Gliese 710 has the potential to perturb the hypothetical Oort cloud in the outer Solar System, exerting enough force to send showers of comets into the inner Solar System for millions of years, triggering visibility of about ten naked-eye comets per year,[12] and possibly causing an impact event. According to Filip Berski and Piotr Dybczynski, this event will be "the strongest disrupting encounter in the future and history of the solar system".[13] Earlier dynamic models indicated that the net increase in cratering rate due to the passage of Gliese 710 would be no more than 5%.[7] They had originally estimated that the closest approach would happen in 1,360,000 years when the star will approach within 0.337 ± 0.177 parsecs (1.100 ± 0.577 light years) of the Sun.[14] Gaia DR2 now finds the minimum perihelion distance is 0.0676±0.0157 parsecs or 13900±3200 AU about 1.281 million years from now.[10]

Bobylev in 2010 further suggested Gliese 710 has an 86% chance of passing through the Oort cloud, assuming the Oort cloud to be a spheroid around the Sun with semiminor and semimajor axes of 80,000 and 100,000 astronomical units.

Dr. Bailor-Jones also determined that of the 300,000 stars he observed, 97 of them would pass within 150 trillion km (93 trillion mi; 1 million AU) of our Solar System, while 16 would come within 60 trillion km. While this would be close enough to disturb the Oort Cloud, only one star would get particularly close. That star is Gliese 710, a K-type yellow dwarf located about 63 light years from Earth which is about half the size of our Sun.

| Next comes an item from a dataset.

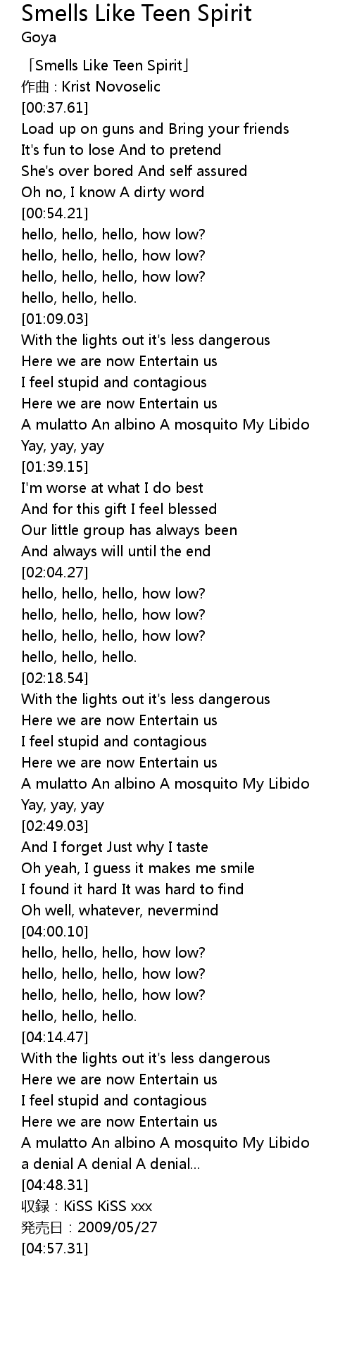 | [04:18.99] | Here we are now Entertain us |

Whereas the average relative velocity of stars is estimated to be around 100.000 km/h (62,000 mph) at their closest approach, Gliese 710 will will have a speed of 50,000 km/h (31,000 mph). As a result, the star will have plenty of time to exert its gravitational influence on the Oort Cloud, which could potentially send many, many comets towards Earth and the inner Solar System.

Over the past few decades, this star has been well-documented by astronomers, and they were already pretty certain that it would experience a close encounter with our Solar System in the future. However, previous calculations indicated that it would pass within 3.1 to 13.6 trillion km (1.9 to 8.45 trillion mi; 20,722 to 90,910 AU) from our star system – and with a 90% certainty. Thanks to this most recent study, these estimates have been refined to 1.5–3.2 trillion km, with 2.3 trillion km being the most likely.